Print, exactly and with no pictures, the line containing "Крышка стеклянная для" and each line after it to the end of the entries below.
----------------------------------------
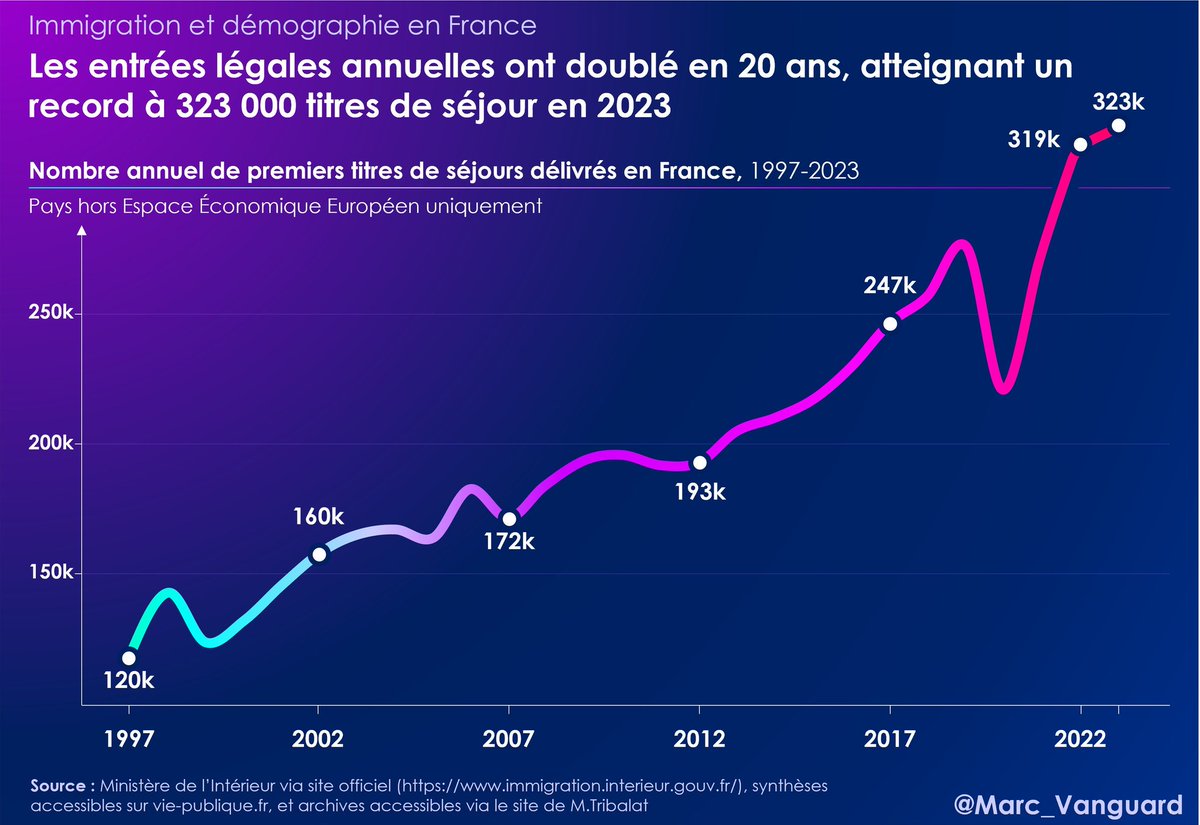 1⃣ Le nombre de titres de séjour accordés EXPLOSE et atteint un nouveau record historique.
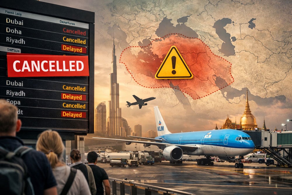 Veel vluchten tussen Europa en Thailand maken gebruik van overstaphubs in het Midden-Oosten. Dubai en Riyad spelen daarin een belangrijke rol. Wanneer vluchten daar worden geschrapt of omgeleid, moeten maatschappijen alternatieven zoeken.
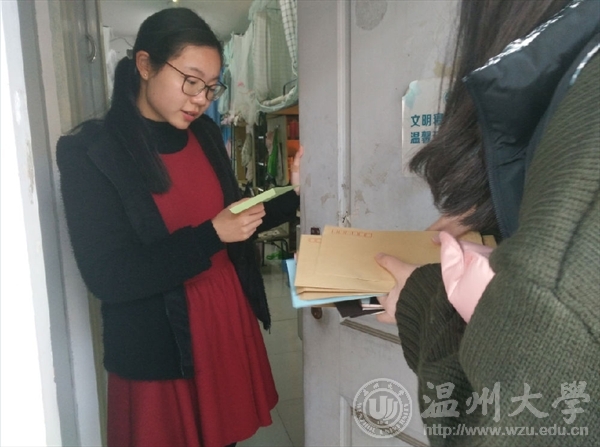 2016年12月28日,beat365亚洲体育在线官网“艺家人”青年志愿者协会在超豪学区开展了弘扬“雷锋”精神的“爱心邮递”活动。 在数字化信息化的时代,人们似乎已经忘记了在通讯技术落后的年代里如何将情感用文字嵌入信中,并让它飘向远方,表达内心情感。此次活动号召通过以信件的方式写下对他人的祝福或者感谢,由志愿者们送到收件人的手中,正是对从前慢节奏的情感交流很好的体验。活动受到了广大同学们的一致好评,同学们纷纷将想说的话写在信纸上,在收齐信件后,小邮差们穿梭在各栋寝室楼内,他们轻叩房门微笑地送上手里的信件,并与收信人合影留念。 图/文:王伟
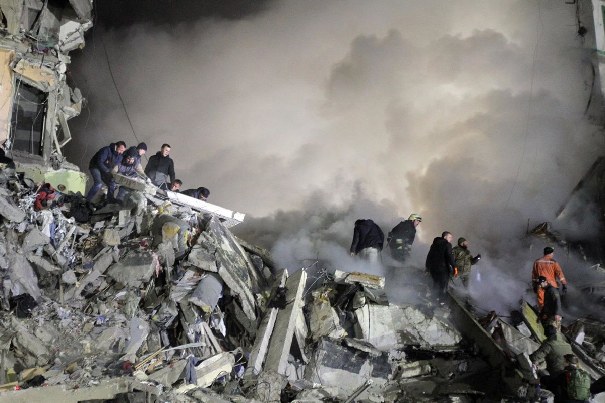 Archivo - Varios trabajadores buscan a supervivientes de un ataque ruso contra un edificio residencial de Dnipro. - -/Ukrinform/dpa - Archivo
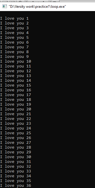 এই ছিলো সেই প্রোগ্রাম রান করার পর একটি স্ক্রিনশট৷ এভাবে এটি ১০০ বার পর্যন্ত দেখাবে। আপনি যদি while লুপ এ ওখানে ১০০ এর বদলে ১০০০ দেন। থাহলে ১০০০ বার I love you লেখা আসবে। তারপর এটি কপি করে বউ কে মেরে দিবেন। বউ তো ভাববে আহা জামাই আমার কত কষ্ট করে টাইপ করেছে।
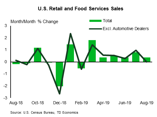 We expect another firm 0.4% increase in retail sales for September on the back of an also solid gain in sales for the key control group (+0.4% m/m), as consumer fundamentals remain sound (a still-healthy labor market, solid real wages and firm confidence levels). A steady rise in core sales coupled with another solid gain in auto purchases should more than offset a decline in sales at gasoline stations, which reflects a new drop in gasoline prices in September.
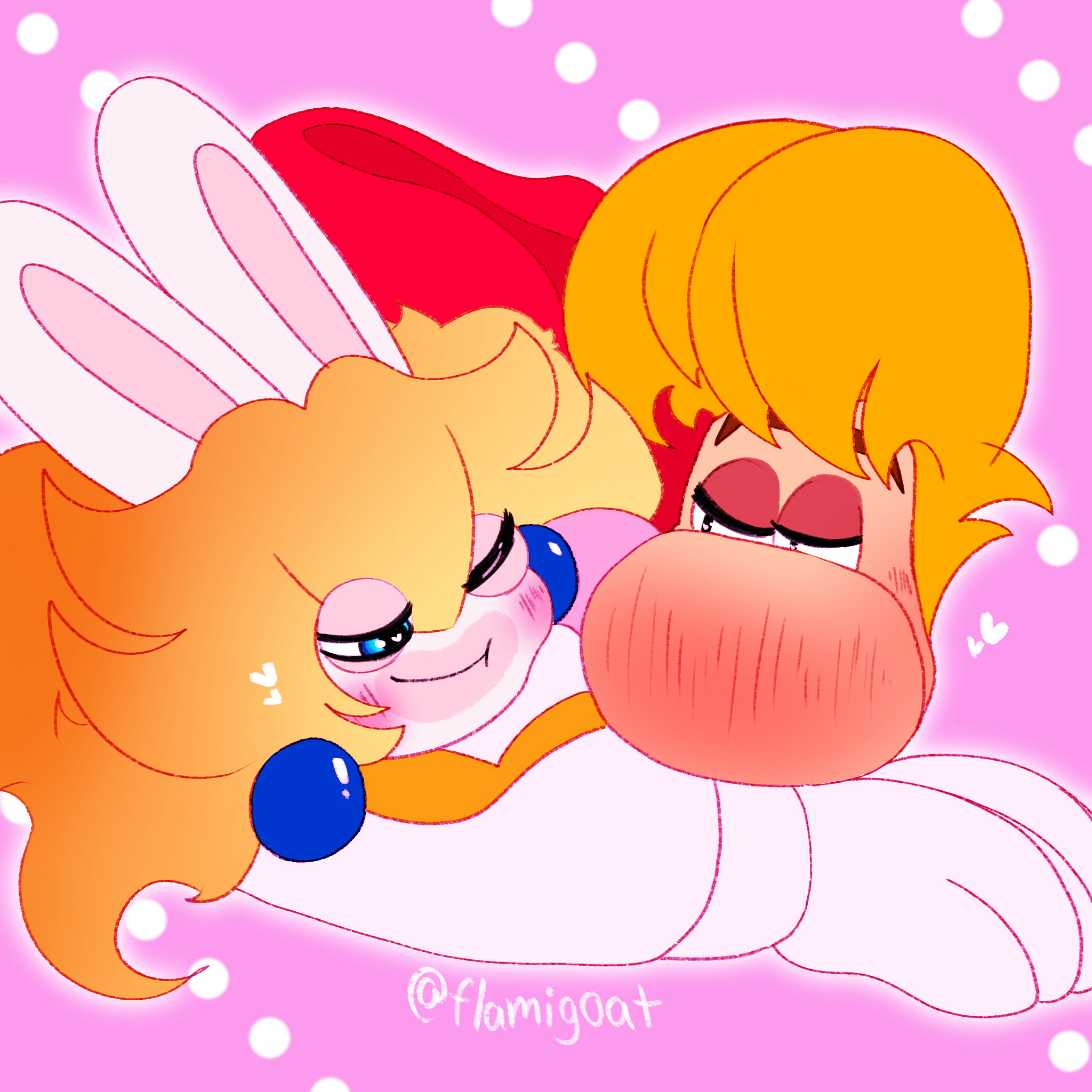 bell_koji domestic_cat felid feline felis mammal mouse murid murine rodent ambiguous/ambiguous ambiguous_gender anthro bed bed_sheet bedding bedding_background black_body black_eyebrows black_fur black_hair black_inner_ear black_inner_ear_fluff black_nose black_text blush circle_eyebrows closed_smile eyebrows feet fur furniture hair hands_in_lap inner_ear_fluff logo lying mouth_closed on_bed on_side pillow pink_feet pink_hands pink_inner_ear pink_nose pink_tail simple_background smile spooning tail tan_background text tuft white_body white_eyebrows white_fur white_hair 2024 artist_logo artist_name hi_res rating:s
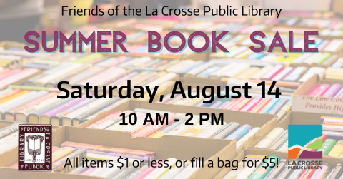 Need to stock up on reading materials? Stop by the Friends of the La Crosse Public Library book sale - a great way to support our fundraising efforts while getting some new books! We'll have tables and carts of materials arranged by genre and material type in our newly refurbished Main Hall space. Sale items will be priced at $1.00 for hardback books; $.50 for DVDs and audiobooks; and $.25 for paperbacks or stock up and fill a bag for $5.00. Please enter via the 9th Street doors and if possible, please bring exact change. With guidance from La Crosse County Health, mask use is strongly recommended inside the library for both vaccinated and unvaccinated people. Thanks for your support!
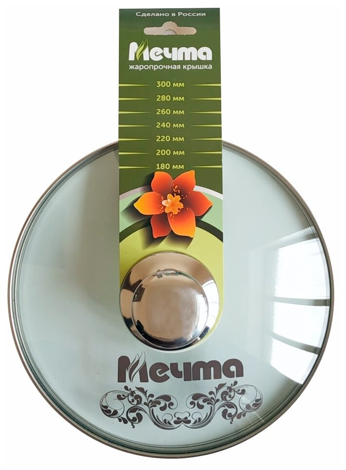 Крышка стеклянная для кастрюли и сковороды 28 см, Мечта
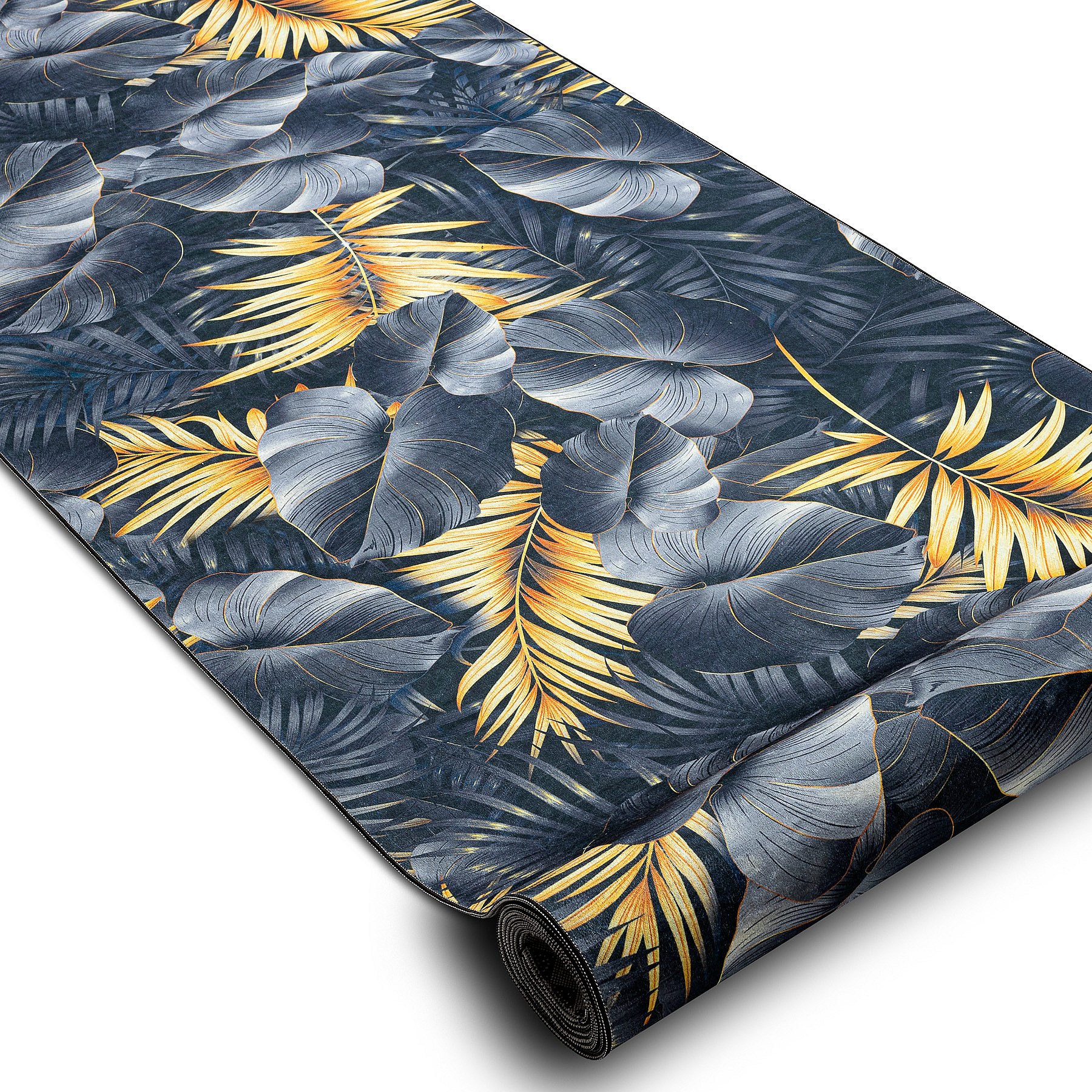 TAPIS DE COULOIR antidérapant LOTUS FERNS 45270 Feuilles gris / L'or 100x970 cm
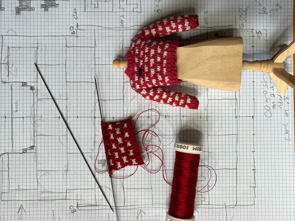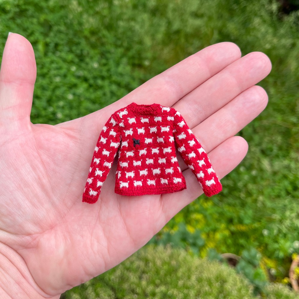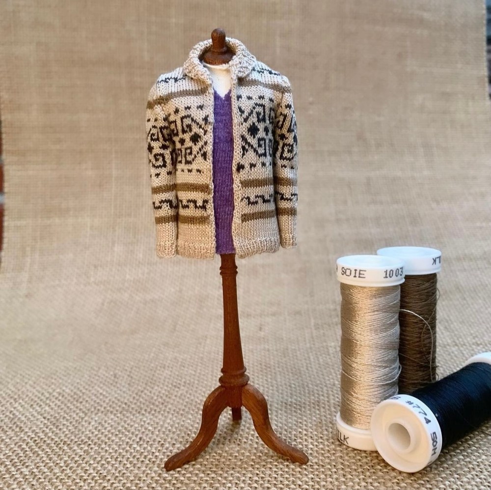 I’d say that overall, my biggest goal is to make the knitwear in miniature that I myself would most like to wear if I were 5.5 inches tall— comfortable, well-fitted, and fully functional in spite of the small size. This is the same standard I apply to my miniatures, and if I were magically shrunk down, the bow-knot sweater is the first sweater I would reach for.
----------------------------------------
=== RESULT OF THIS TASK ===
 Крышка стеклянная для кастрюли и сковороды 28 см, Мечта
 TAPIS DE COULOIR antidérapant LOTUS FERNS 45270 Feuilles gris / L'or 100x970 cm
 I’d say that overall, my biggest goal is to make the knitwear in miniature that I myself would most like to wear if I were 5.5 inches tall— comfortable, well-fitted, and fully functional in spite of the small size. This is the same standard I apply to my miniatures, and if I were magically shrunk down, the bow-knot sweater is the first sweater I would reach for.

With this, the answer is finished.